### Entries supplied
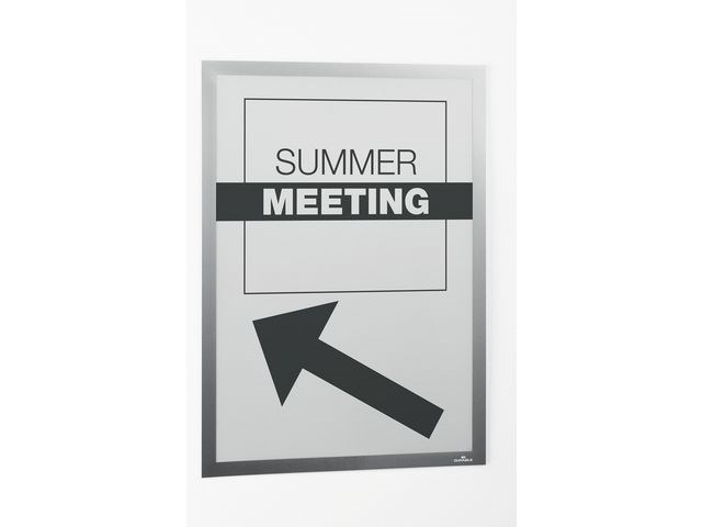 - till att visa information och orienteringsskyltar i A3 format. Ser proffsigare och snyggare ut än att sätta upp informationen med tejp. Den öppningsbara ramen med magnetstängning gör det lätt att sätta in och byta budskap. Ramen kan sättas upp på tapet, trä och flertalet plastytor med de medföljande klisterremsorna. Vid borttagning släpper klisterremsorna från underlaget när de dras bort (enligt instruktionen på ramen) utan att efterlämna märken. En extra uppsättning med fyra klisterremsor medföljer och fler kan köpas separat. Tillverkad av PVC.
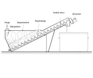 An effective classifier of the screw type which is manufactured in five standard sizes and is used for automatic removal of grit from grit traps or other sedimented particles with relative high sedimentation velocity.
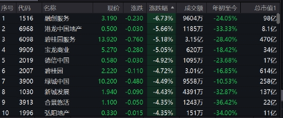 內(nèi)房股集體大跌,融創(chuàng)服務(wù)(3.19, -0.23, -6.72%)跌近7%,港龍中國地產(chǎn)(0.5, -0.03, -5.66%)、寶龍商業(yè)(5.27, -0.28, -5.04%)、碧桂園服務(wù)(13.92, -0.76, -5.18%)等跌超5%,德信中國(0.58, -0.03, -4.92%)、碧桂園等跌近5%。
...
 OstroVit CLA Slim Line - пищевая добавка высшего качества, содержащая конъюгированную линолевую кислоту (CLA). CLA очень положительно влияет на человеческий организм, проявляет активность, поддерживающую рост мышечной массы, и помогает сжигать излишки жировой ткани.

### Task prompt
Please transcribe exactly the part of the records that opens with the line containing "An effective classifier" and closes with the line containing "-5.18%)等跌超5%,德信中國(0.58, -0.03, -4.92%)、碧桂園等跌近5%。", both ends included, and leave out the pictures.

### Response to the task
 An effective classifier of the screw type which is manufactured in five standard sizes and is used for automatic removal of grit from grit traps or other sedimented particles with relative high sedimentation velocity.
 內(nèi)房股集體大跌,融創(chuàng)服務(wù)(3.19, -0.23, -6.72%)跌近7%,港龍中國地產(chǎn)(0.5, -0.03, -5.66%)、寶龍商業(yè)(5.27, -0.28, -5.04%)、碧桂園服務(wù)(13.92, -0.76, -5.18%)等跌超5%,德信中國(0.58, -0.03, -4.92%)、碧桂園等跌近5%。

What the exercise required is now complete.